NSAIDs: A Pain in the Gut

Marina MacDonald, MS, PhD, 2 years ago 12 min read

The gut-protective effects of curcumin and probiotics

Millions of people use non-steroidal anti-inflammatory drugs (NSAIDs) to alleviate the pain of arthritis, headaches, and other painful conditions.^[1] Well-known NSAIDs include ibuprofen (Advil, Motrin) naproxen (Aleve), and aspirin. Many other NSAIDs (diclofenac, etc.) are available by prescription.

Although NSAIDs may relieve pain, their use is associated with a broad spectrum of adverse reactions in the liver, kidneys, cardiovascular system, and gastrointestinal (GI) tract.^[2]

The side effects of NSAIDs on the gut range from simple dyspepsia (discomfort or pain in the upper abdomen) to life-threatening GI bleeds and perforations.^{[3],[4],[5],[6],[7]} In short, NSAIDs can literally be “a pain in the gut.”

In today’s post we’ll explain the impact of NSAIDs on the gut, and look at how curcumin and probiotics may help protect GI health and even reduce the need for NSAIDs in the long run.

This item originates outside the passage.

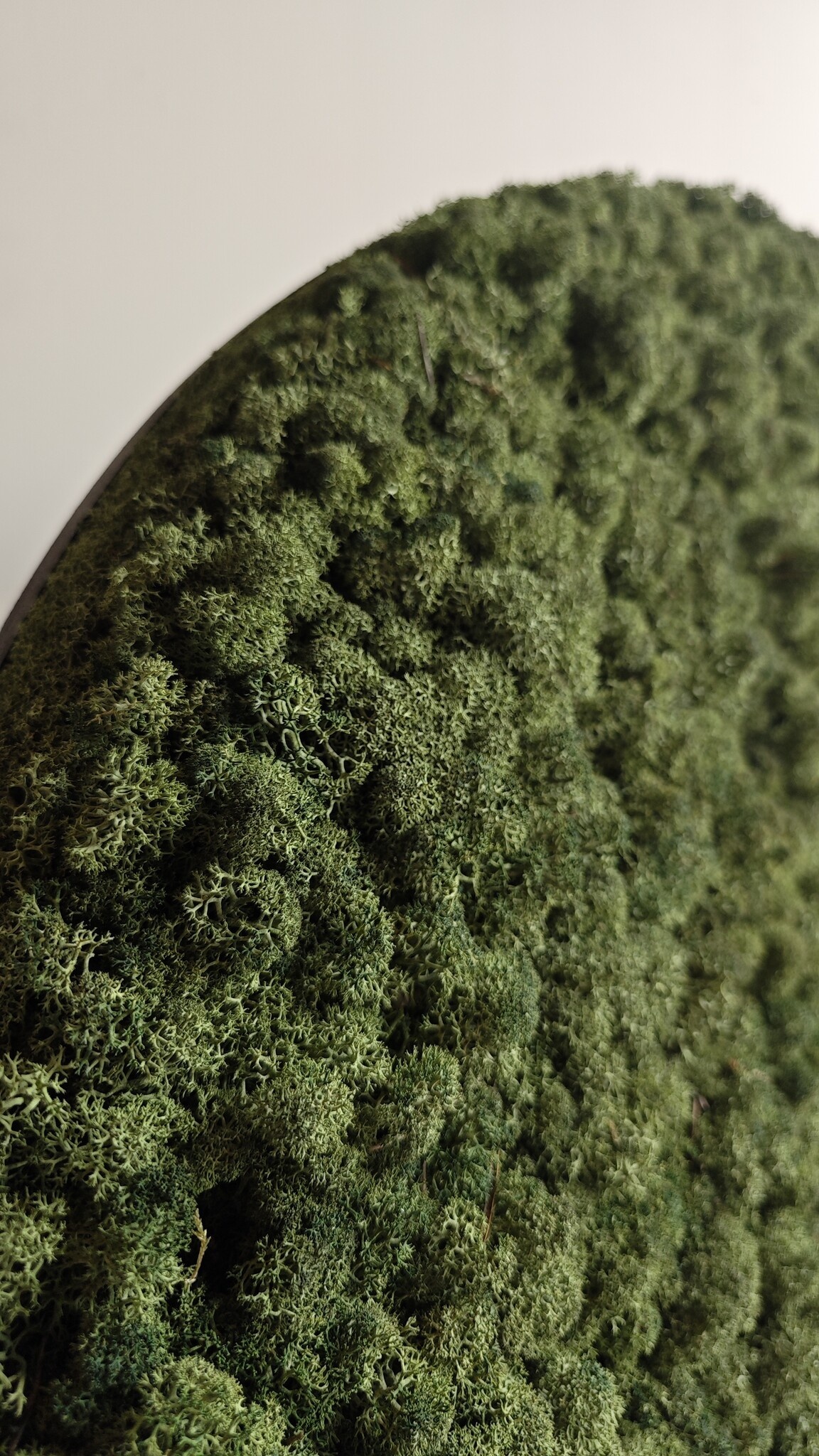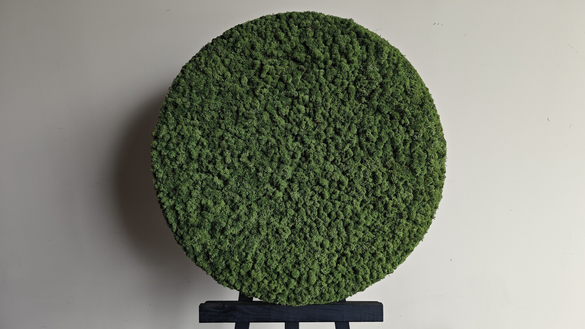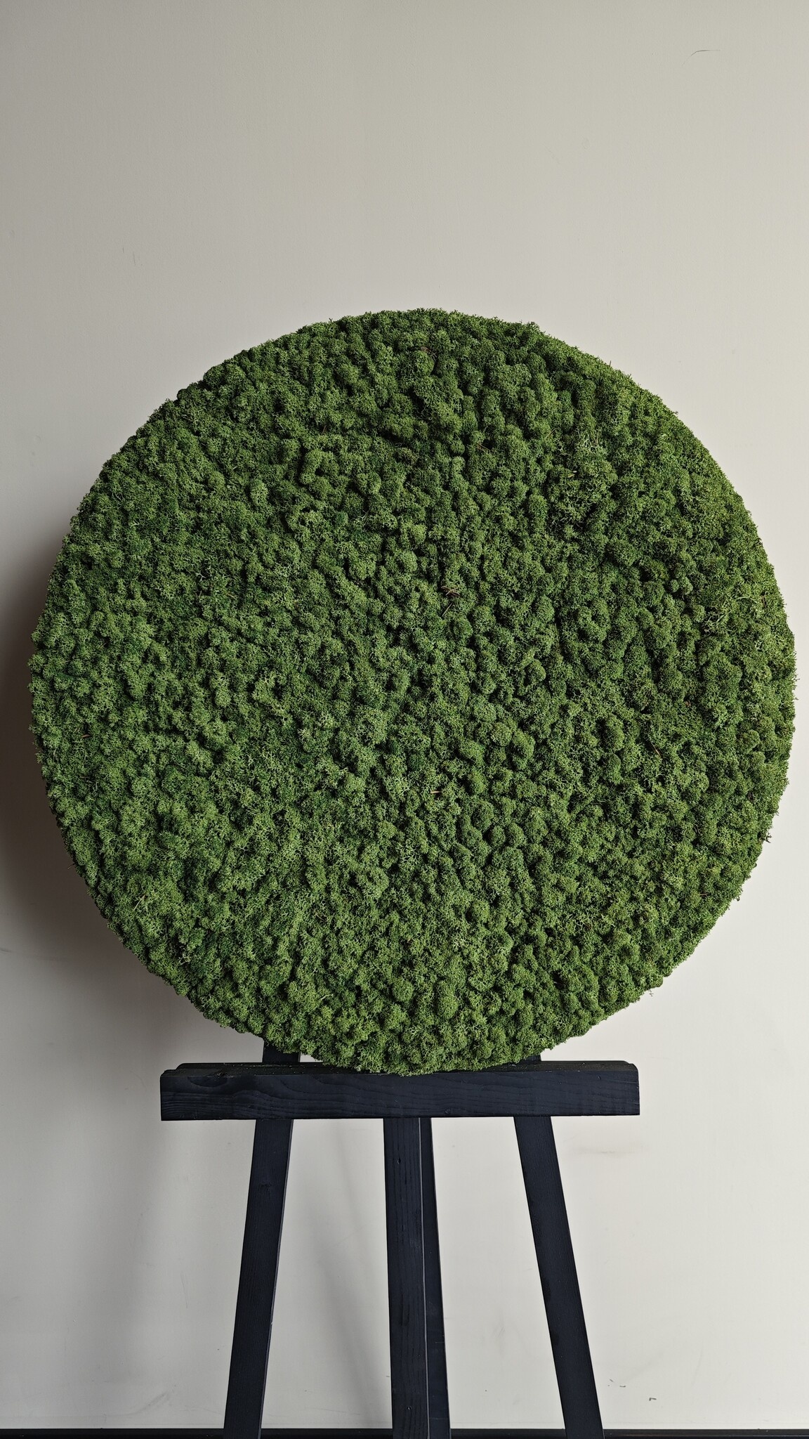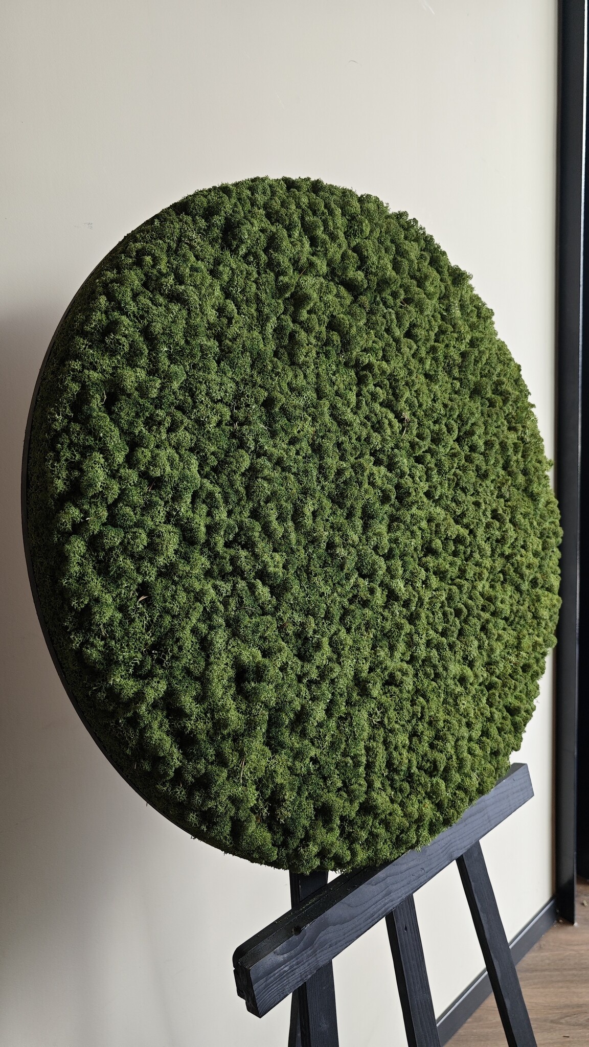 Moswens OUTLET Moosbild rund Dunkelgrün Rentiermoos 80 cm schwarze Kante (VERKAUFT)

Read the warning label before taking NSAIDs

We now know that microscopic intestinal damage occurs in two-thirds of NSAID users, although most people are unaware that it is happening.^{[8],[9],[10],[11]}

Unfortunately, NSAIDs cause nearly 103,000 hospitalizations and 16,500 deaths annually.^[12] One of those hospitalized was a friend of mine, who was taking ibuprofen to manage arthritis pain. She recovered from her ordeal, but only after undergoing surgery to repair the intestinal damage.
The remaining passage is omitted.